“Yes, father; and I hope you will have a great deal of it, and I hope you will put plenty—plenty of money into the—into the——”
“Investment,” said Mr. Leeson. “The investment that sounds so promising. Don’t keep me now, love.”
“I am going out for a long walk, father; it is such a bright, sunshiny day. Good-by for the present.”
Mr. Leeson did not hear; he again bent over the letter which he was writing. Sylvia ran back to Jasper.
“He seems quite well,” she said, “and very much interested in what the post brought him this morning. I think I can leave him quite safely. You will be sure to see that he has his food.”
“Bless you, child!—yes.”
“And you will on no account betray that you live here?”

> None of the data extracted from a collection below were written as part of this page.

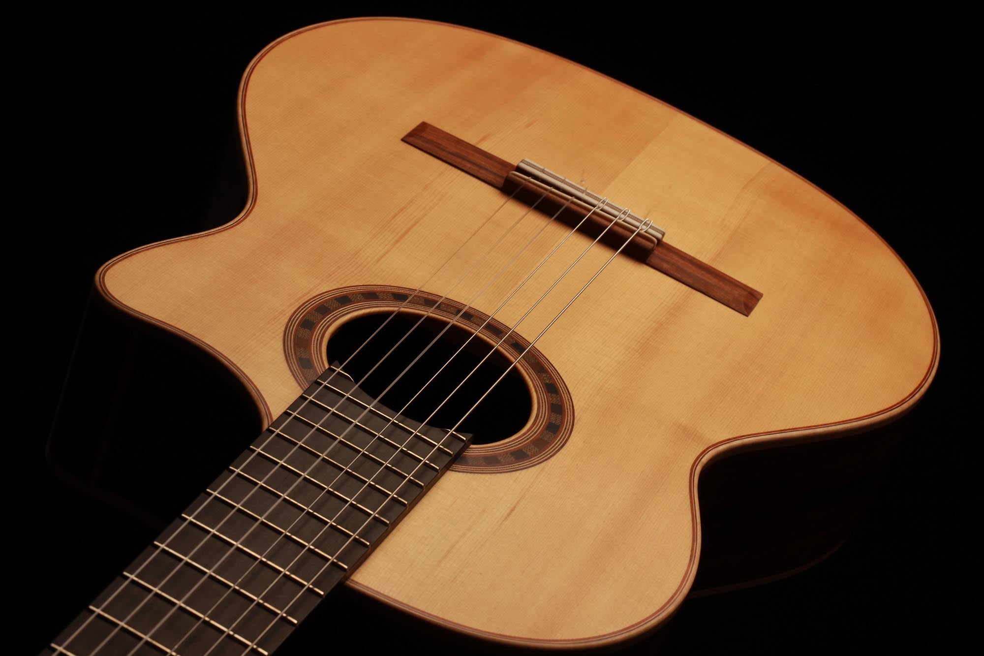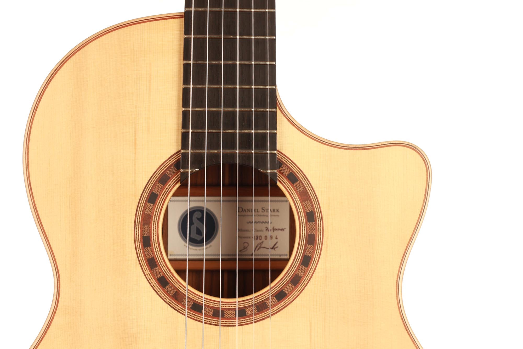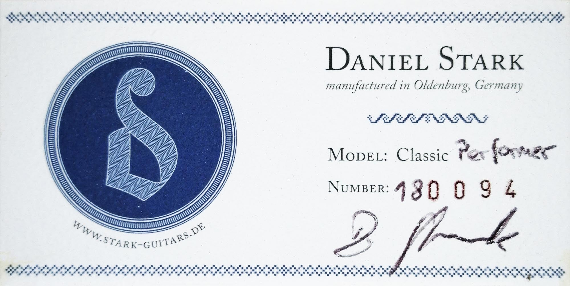 Daniel Stark is a German guitar maker who is known for his modern guitars. His instruments are played all over the world and have been recorded on more than 25 CDs. They are very powerful and refined guitars.
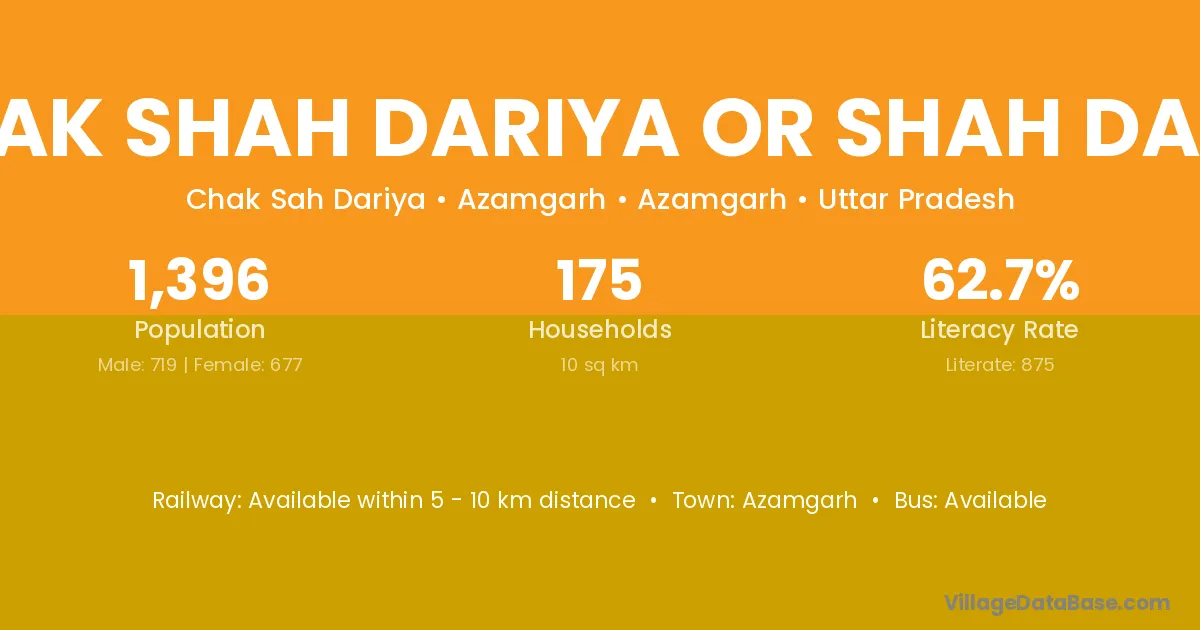 Azamgarh is the nearest town to Chak Shah Dariya Or Shah Dariy village for major economic activities
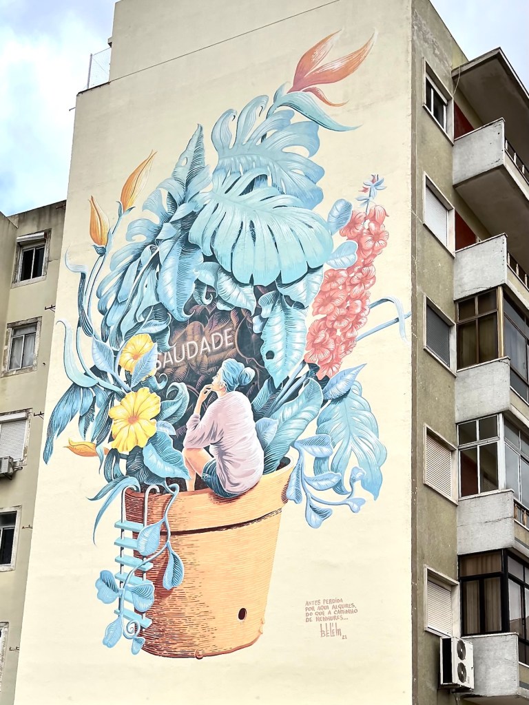 We started off with a mural called “Saudade” created by Mario Belem in 2021 during the pandemic.

“Bless you, child! again—not I.”
“Well then, I will get into my finery. How grand and important I shall feel!”
So Sylvia was dressed in the brown costume and the pretty brown velvet hat, and she wore a little sable collar and a sable muff; and then she kissed Jasper, and telling her she would remember all the messages, started on her day of pleasure. Jasper saw her out by the back entrance. This entrance had been securely closed before Jasper’s advent, but between them the woman and the girl had managed to open the rusty gate, although Mr. Leeson was unaware that it had moved on its hinges for many a long day. It opened now to admit of Sylvia’s exit, and Jasper went slowly back to the house, meditating as she did so. Whatever her meditations were, they roused her to action. She engaged herself busily in her bedroom and kitchen. She opened her trunk and took out a small bag which contained her money. She had plenty of money, still, but it would not last always. Without Sylvia’s knowing it, she had often spent more than a pound a week on this establishment. It had been absolutely necessary for her to provide herself with warm bedclothes, and to add to the store of coals by purchasing anthracite coal, which is almost smokeless. In one way or another her hoard was diminished by twenty pounds; she had therefore only forty more. When this sum was spent she would be penniless.